Indonesia began construction of the new capital in mid-2022, when President Joko Widodo announced that Jakarta – the congested, polluted current capital that is prone to earthquakes and rapidly sinking into the Java Sea – would be retiring capital status. Will go
The plans for the new capital – nearly twice the size of New York City – are grandiose. Officials claim to be building a futuristic green city focused on forests, parks and food production that uses renewable energy resources, “smart” waste management and green buildings.
Speaking about the city’s design and its ability to respond to future challenges, Nusantara National Capital Authority Chairman Bambang Susanto said, “We have to think beyond what is happening today and try to deal with things of the future “
Digital renderings shared by the government show a city surrounded by forest, with people walking on tree-lined footpaths and walking paths, ponds, clean creeks and buildings with plant-covered roofs surrounded by lush forest.
The building architecture is inspired by modern urban towers combined with traditional Indonesian architecture: the presidential palace in the shape of an eagle – a mythical bird and the national symbol of Indonesia – and other buildings that combine traditional architecture used by surrounding indigenous groups in a stylistic fashion.
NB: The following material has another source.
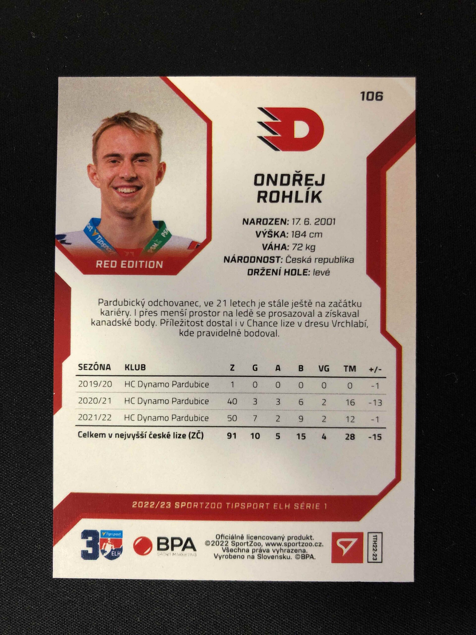 Sběratelská karta 2022/2023 Sportzoo Serie 1 Red 106 Ondřej Rohlík Paralel 11/49

Gives hints. Archipelago.
In its current state, the new city is a far cry from the neat finish presented by its planners, but there is progress. Indonesia’s Minister of Public Works and Housing Basuki Hadimuljono said in February that the city’s infrastructure was 14% complete.
About 7,000 construction workers are clearing, plowing and building the first phase of the site. Labor dormitories, basic roads and a helipad are already in use. The construction of major buildings like Rashtrapati Bhavan is expected to be completed by August 2024.
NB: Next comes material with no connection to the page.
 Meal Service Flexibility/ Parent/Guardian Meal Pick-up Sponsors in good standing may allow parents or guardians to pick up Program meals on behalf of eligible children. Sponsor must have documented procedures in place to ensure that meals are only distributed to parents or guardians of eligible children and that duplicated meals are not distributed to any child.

Sites visited by The Associated Press in early March showed mounds of fresh soil with excavators and cranes around them. At least one site has a sign with a QR code that visitors can scan to see 3D visualizations of what the area will look like when finished; Others have posted signboards showing what is to come.
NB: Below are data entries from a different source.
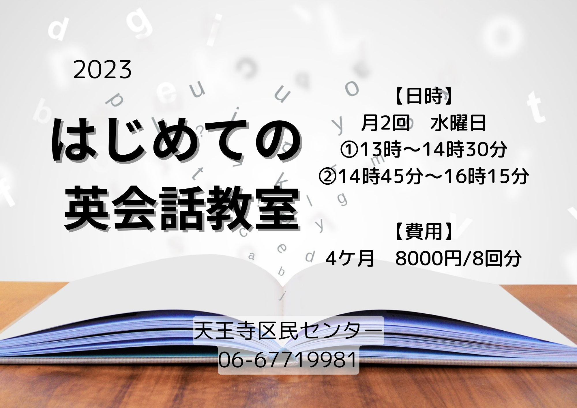 Warning: unlink(/home/xs868497/osakacommunity.jp/public_html/cms/wp-content/plugins/wp-scss/cache/style.css): No such file or directory in /home/xs868497/osakacommunity.jp/public_html/cms/wp-content/plugins/wp-scss/class/class-wp-scss.php on line 108 天王寺区民センターはじめての英会話教室 - 天王寺区民センターコンテンツへスキップナビゲーションに移動
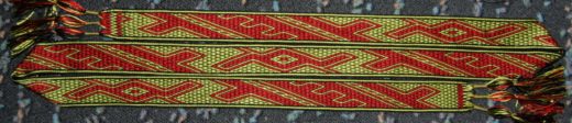 Das ist ein Versuchsband eines doppelseitigen Florgewebes nach Peter Collingwood. Vorlagen dazu sind die Prachtgürtel aus Usbekistan. Kiernan
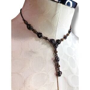 2028 Copper Color Rhinestone Antiqued Look Necklace 18" with 2" Drop
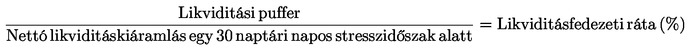 (1) A részletes likviditásfedezeti követelmény az 575/2013/EU rendelet 412. cikkének (1) bekezdésében foglaltaknak megfelelően a hitelintézet likviditási pufferének egy 30 naptári napos stresszidőszak alatti nettó likviditáskiáramlásához viszonyított, százalékban kifejezett aránya. A hitelintézet a likviditásfedezeti rátát az alábbi képletnek megfelelően számítja ki:
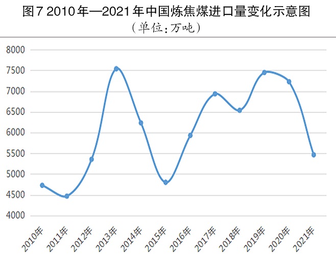 煉焦煤屬于我國較為稀缺的煤炭品種,產量并未隨原煤炭產量同比例增長。煉焦煤包括氣煤、肥煤、焦煤、瘦煤,是煤變質作用的產物。在我國煤炭資源總量中,煉焦煤占比僅略高于25%;氣煤儲量約占煉焦煤總儲量的50%左右;優(yōu)質煤種的主焦煤和肥煤合計占煉焦煤總儲量的35%左右。伴隨著我國鋼鐵工業(yè)長流程生產工藝對焦炭剛性需求的增長,我國煉焦煤需求量節(jié)節(jié)攀升。2006年前,我國還是煉焦煤的凈出口國,自2006年起,我國煉焦煤出口量大幅減少,而進口量則不斷上升至最高7500萬噸以上(見圖7)。
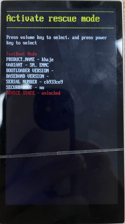 3. In fastboot mode, press the volume up and down buttons to select Activate rescue mode, and press the power button to start

The government has said that it is working keeping the environment in mind. There are visible signs of a more conscious approach to construction: tree trunks have been cordoned off to protect them from machinery, with officials promising that a plant nursery has already started for the re-planting process And industrial forest surrounds the site.
But with construction ramping up this year, environmentalists warn that building the metropolis will accelerate deforestation of one of the world’s largest and oldest stretches of tropical rainforest. Forests, known as the lungs of the world, suck planet-warming carbon dioxide from the atmosphere and are home to many wildlife species. The island is already compromised by palm oil plantations and coal mines.
Dwi Saung, an infrastructure expert at the Indonesian Forum for the Living Environment, an environmental NGO monitoring the new capital project, said the government’s plans did not consider the region’s unique wildlife such as orangutans and sun bears Is. The new city passes through an important animal corridor.
“The animals should be shifted first and then the construction should be built,” he said. “But since they needed to hurry, they built up the area without first moving the animals.”
Experts have expressed concern about how the new capital will get electricity. While the government promises that the city will rely on a “smart energy” system, groups are concerned that some of the area’s coal-fired power plants could be used up in the short term.
According to the International Renewable Energy Agency, Indonesia has significant energy potential from solar, hydroelectric, geothermal, wind and other sources, but only 12% of them are utilised. And while user-friendly public transport may keep cars off the city’s roads, there will likely be extensive air travel between the new capital and Jakarta, some 1,300 kilometers (800 miles) apart.
Indigenous groups who live in the region and have already lost parts of their land fear that urban sprawl from the new capital could make things worse.
Officials have vowed to respect indigenous rights and compensate those who lost their homes. Local officials said they would verify all land claims and accept documents proving ownership, but much of the territory is passed down through families without paperwork and not all tribal areas are formally recognized .
“We do not want to be shifted. We don’t want them to remove the graves of our ancestors, or make changes or remove our historical site,” said Sibukdin, an indigenous community leader who like many in the country uses only one name. and live in Sipaku, which is very close to a ward. construction area.
Susanto said Indigenous residents have “some options for them to be involved in the process” including compensation, relocation or sharing ownership of stores that open.
“We’re always going to persuade them and tell them about the future of the city,” he said. “Hopefully they understand it’s for everybody.”
But as Indonesia continues to woo investors, construction is moving forward, with the government planning to inaugurate the city on August 17 next year, which will coincide with Indonesia’s Independence Day.
“Nusantara is the city for tomorrow,” said Susanto. “It will become a vibrant city, not just a government city.”
Tarigan and Milko reported from Jakarta. AP photographer Achmad Ibrahim and videographer Fadlan Siam contributed to this report from East Kalimantan, Indonesia.